> **TASK DETAILS**:
Your job with the data below is to output exactly the lines from the one holding "2月18日下午,建筑工程学院" down to the one holding "Lucca and Ragel", both included, and no others.

> **RECORD EXCERPTS**:
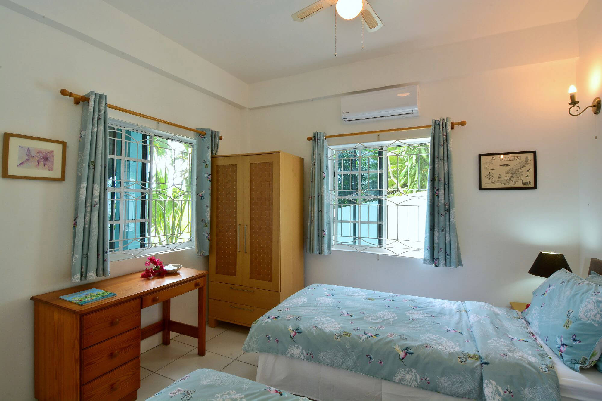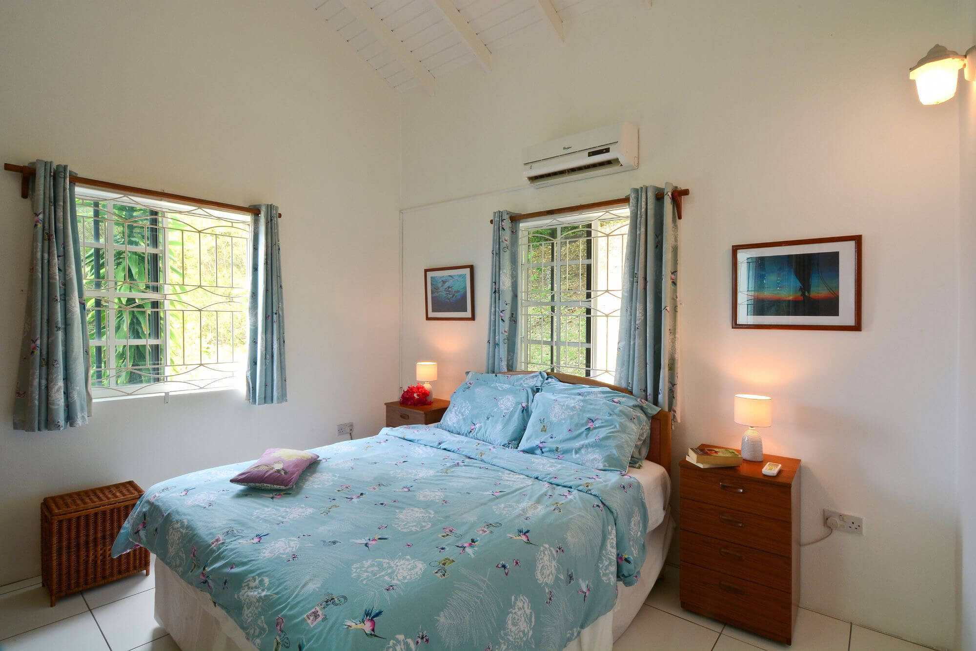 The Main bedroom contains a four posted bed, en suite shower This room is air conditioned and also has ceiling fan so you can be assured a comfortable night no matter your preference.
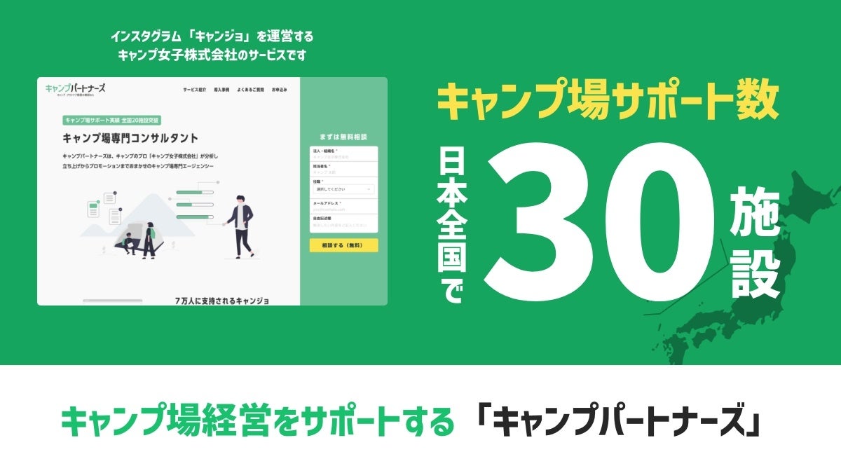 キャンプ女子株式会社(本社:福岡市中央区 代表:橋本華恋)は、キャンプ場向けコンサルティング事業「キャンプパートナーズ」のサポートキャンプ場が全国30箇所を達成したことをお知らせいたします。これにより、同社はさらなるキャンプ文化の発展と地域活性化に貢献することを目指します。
...
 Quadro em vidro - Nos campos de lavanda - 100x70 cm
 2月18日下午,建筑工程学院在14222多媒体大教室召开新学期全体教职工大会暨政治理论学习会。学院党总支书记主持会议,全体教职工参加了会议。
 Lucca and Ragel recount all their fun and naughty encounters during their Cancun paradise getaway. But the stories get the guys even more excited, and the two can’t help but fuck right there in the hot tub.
--
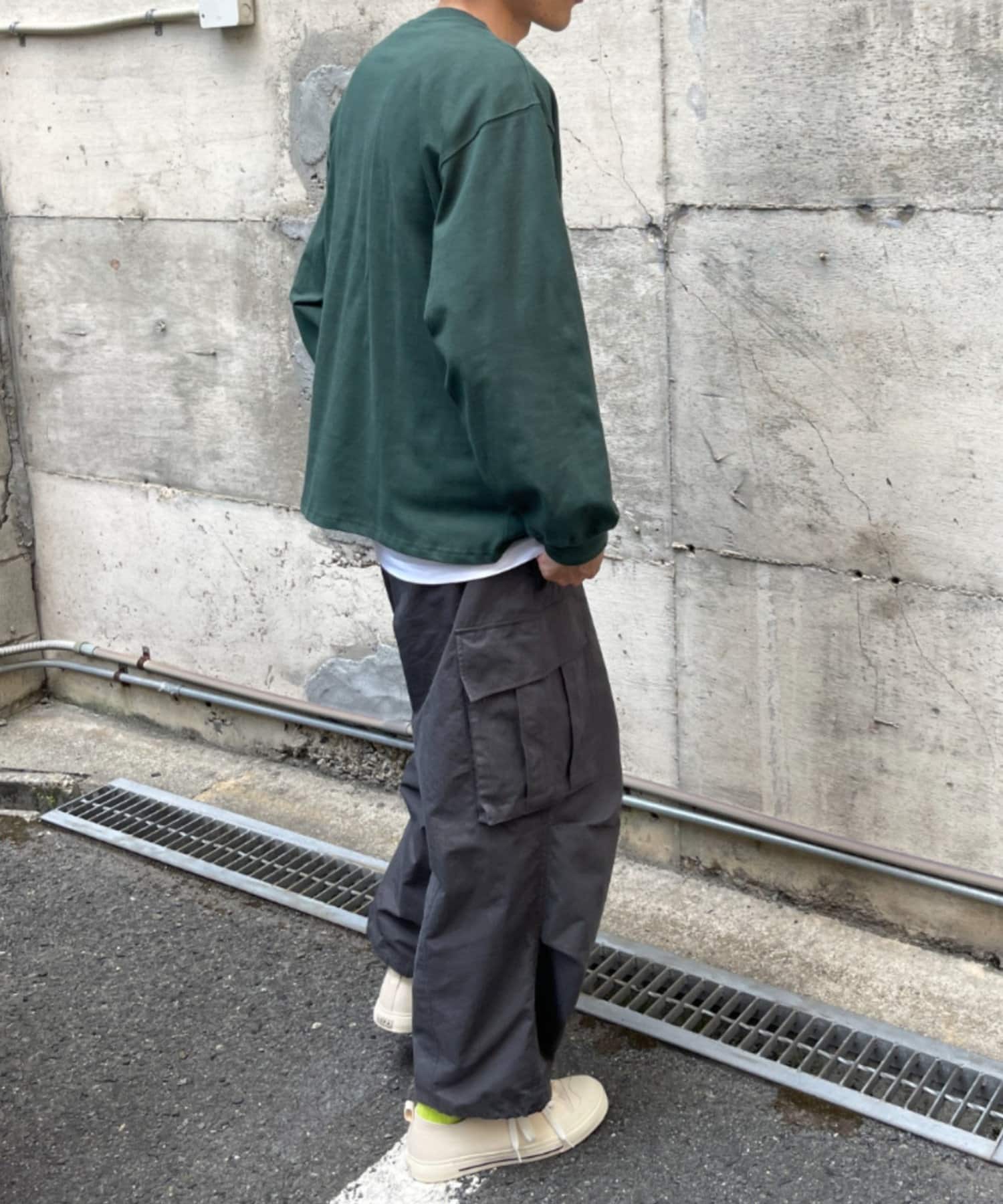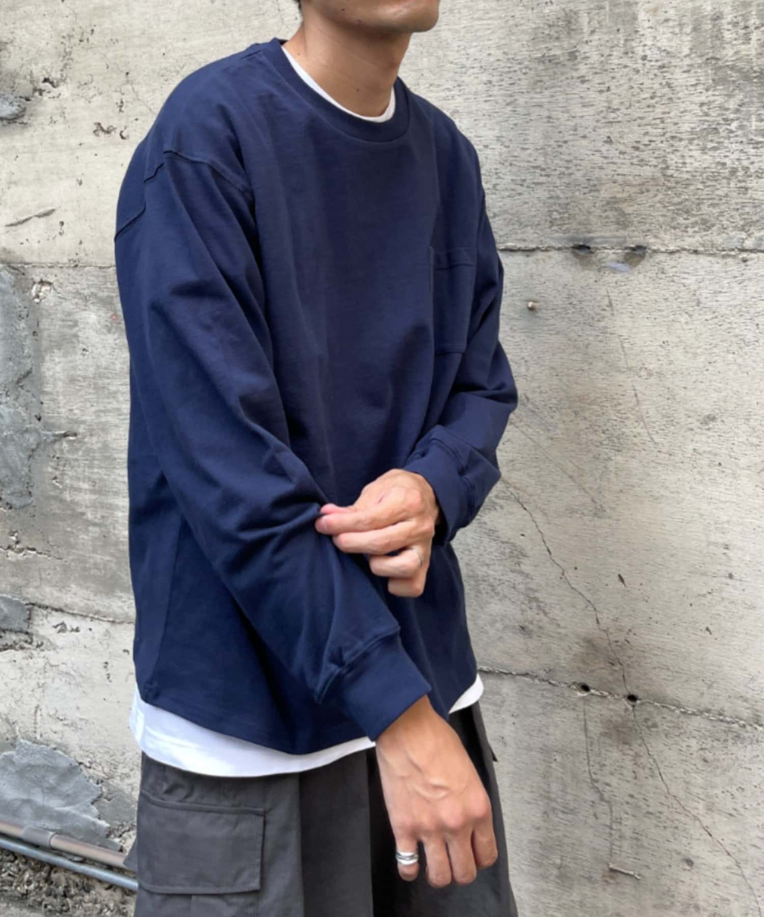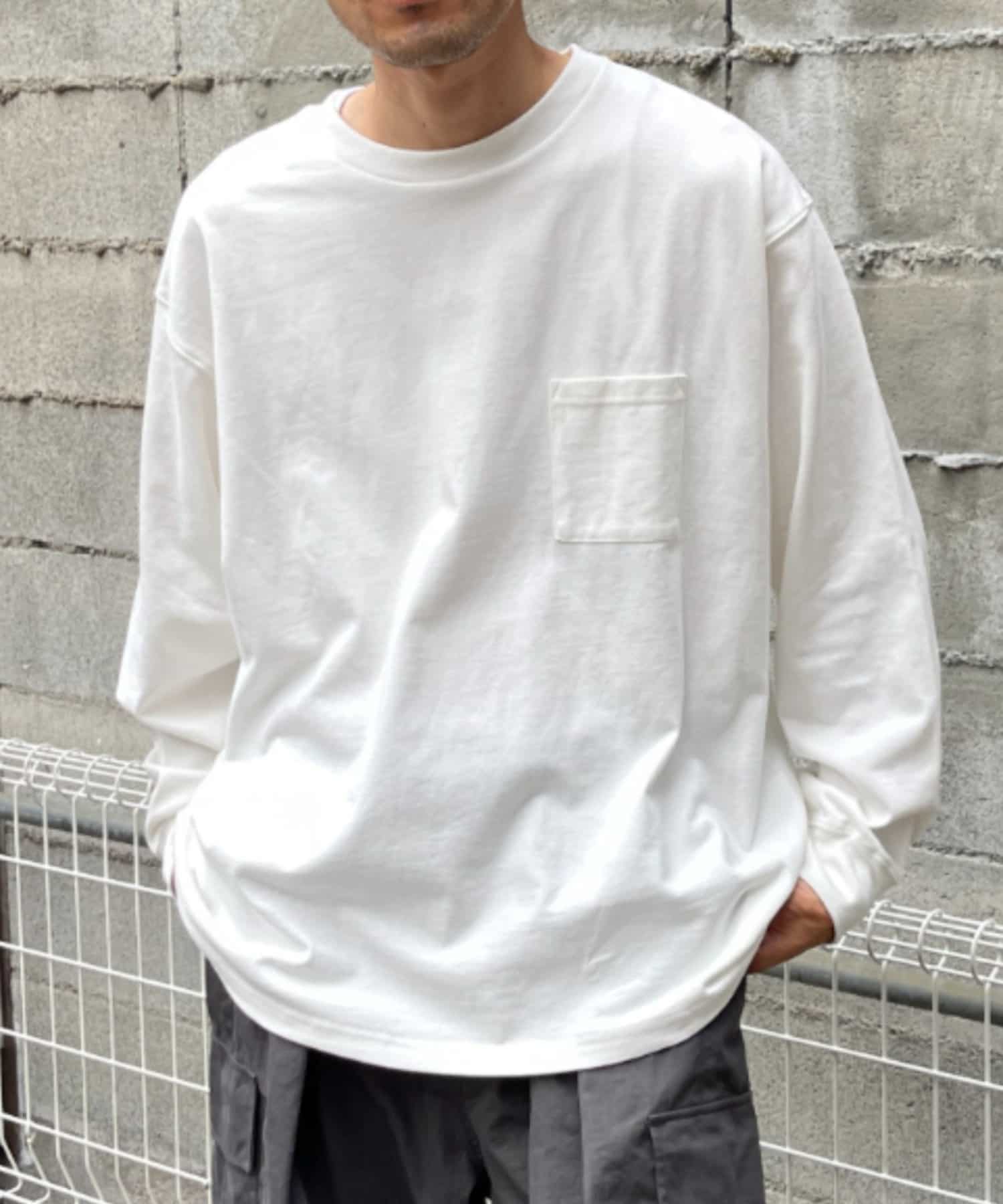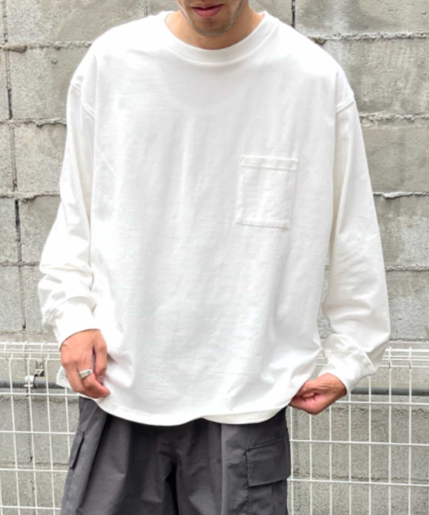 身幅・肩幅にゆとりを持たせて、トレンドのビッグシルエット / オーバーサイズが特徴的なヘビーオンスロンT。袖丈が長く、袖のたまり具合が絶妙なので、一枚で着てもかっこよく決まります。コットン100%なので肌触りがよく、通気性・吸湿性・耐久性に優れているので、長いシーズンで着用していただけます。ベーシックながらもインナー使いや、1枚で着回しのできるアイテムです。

> **ANSWER**:
 2月18日下午,建筑工程学院在14222多媒体大教室召开新学期全体教职工大会暨政治理论学习会。学院党总支书记主持会议,全体教职工参加了会议。
 Lucca and Ragel recount all their fun and naughty encounters during their Cancun paradise getaway. But the stories get the guys even more excited, and the two can’t help but fuck right there in the hot tub.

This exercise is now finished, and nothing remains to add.